Blick in die Ausstellung


Wie haben die Menschen in vergangenen Zeiten gelebt? Welche Waffen und Werk­zeuge stellten sie her? Was stand auf ihrem Speise­plan? Wie veränderte sich ihre Umwelt und welchen Einfluss nahmen die Menschen auf diese? Und welche technischen und gesell­schaftlichen Veränderungen treten im Laufe der Zeit auf?

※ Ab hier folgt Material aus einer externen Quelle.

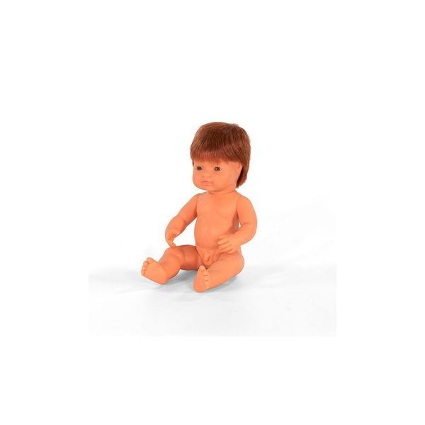 Muneco con caracteristicas representativas de la raza caucasica pelo pelirrojo y ojos cafe. Articulado y con anatomia correcta. Medidas 38 cm. Material vinilo extra suave reciclable, con un ligero aroma a vainilla. Material disenado para promover valores de igualdad entre los ninos y ninas, sea cual sea su raza, genero o condicion y les permite sensibilizarse con la diversidad, asi como desarrollar habilidades sociales como la empatia y la tolerancia. Presentacion bolsa plastica transparente.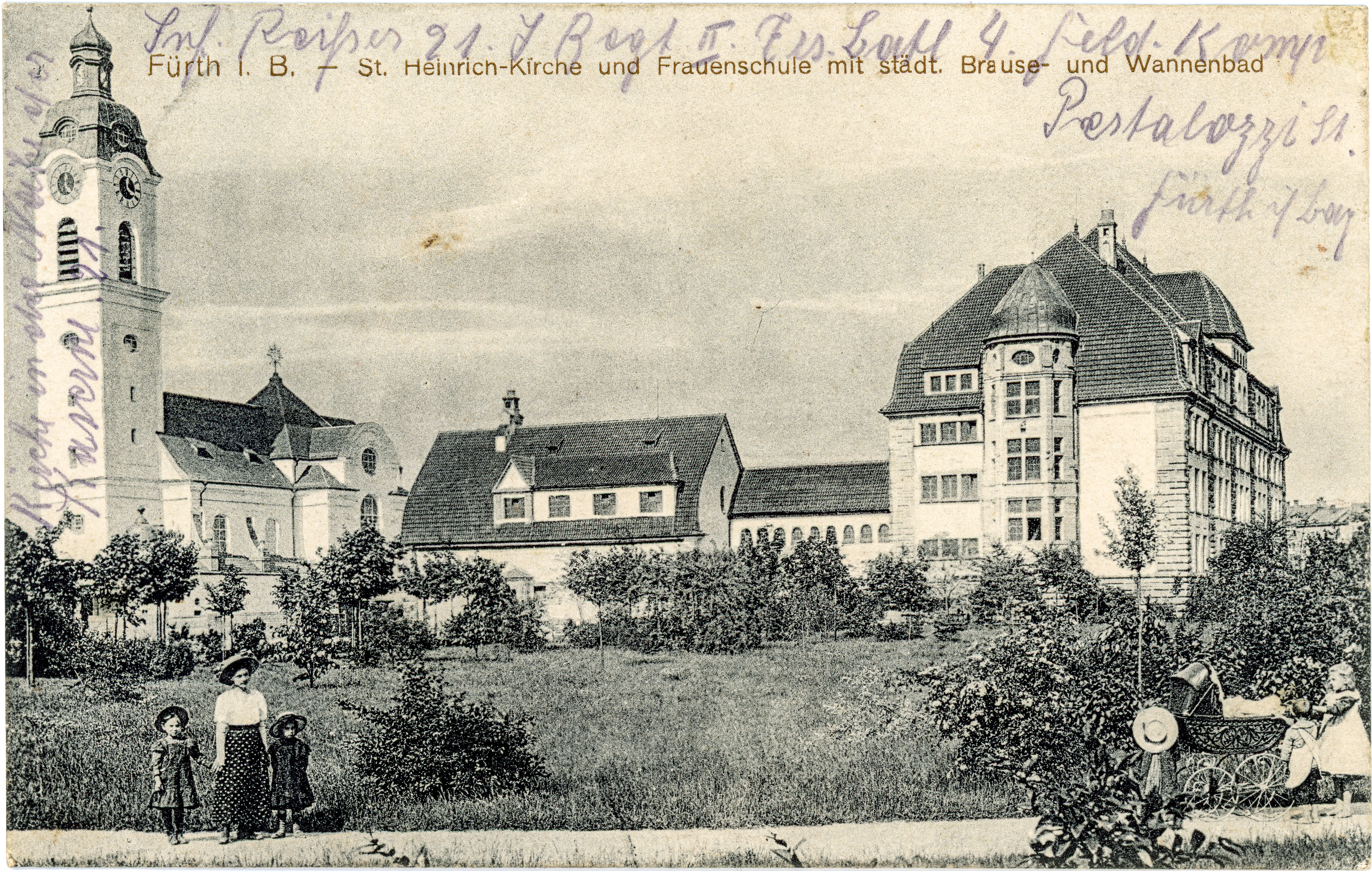| Beschreibung | Historische Ansichtskarte "St. Heinrichs-Kirche und Frauenschule mit städt. Brause- und Wannenbad", Feldpost, gel. 1914 | ||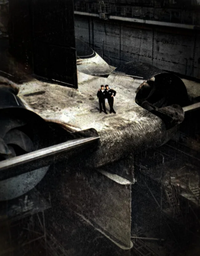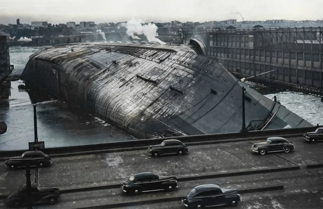 Французский турбо-электроход «Нормандия», сгоревший и опрокинувшийся у пирса в Нью-Йорке, 1942 год.

Antworten auf diese und andere Fragen finden die Besucher­innen und der Besucher in der neuen archäologischen Dauer­ausstellung. Hier schon vorab ein kleiner Einblick:

Fenster zur Kantons­archäologie

Das «Fenster zur Kantons­archäologie» präsentiert neueste Funde aus laufenden Grabungen der Kantons­archäologie St.Gallen. Aktuelle Grabungs­resultate, High­lights oder Spezialitäten werden hier erstmals gezeigt – und das bereits kurz, nachdem sie aus dem Boden gekommen sind. Der Inhalt wird alle 3-4 Monate gewechselt.

Kindermuseum

Ein Ausflugsziel für Familien

Das Kinder­museum im Dach­geschoss lädt auf eine spannende Zeit­reise ein. Ein Bar­fussweg führt die kleinen und grossen Gäste in die Vergangenheit, zu Jahr­markts­figuren, Bauarbeitern, Würfel­spielen und Kreisel. Bei einem Ab­stecher in die Theater­welt begegnen sie berühmten Geschichten aus dem St.Galler Figuren­theater. Eine Bühne bietet die Möglichkeit, selber Theater­luft zu schnuppern. Die Reise führt weiter in zwei begehbare Jugend­zimmer, eines aus den 1950er Jahren und eines von heute. Hier heisst es, Musik hören, Petticoats anprobieren, sich Briefe schreiben und in Zukunfts­träumen schwelgen. Kurz: Im Kinder­museum gibt es vieles zu entdecken und auszuprobieren – auch für die Erwachsenen. Ein spannender Dialog zwischen den Generationen entsteht.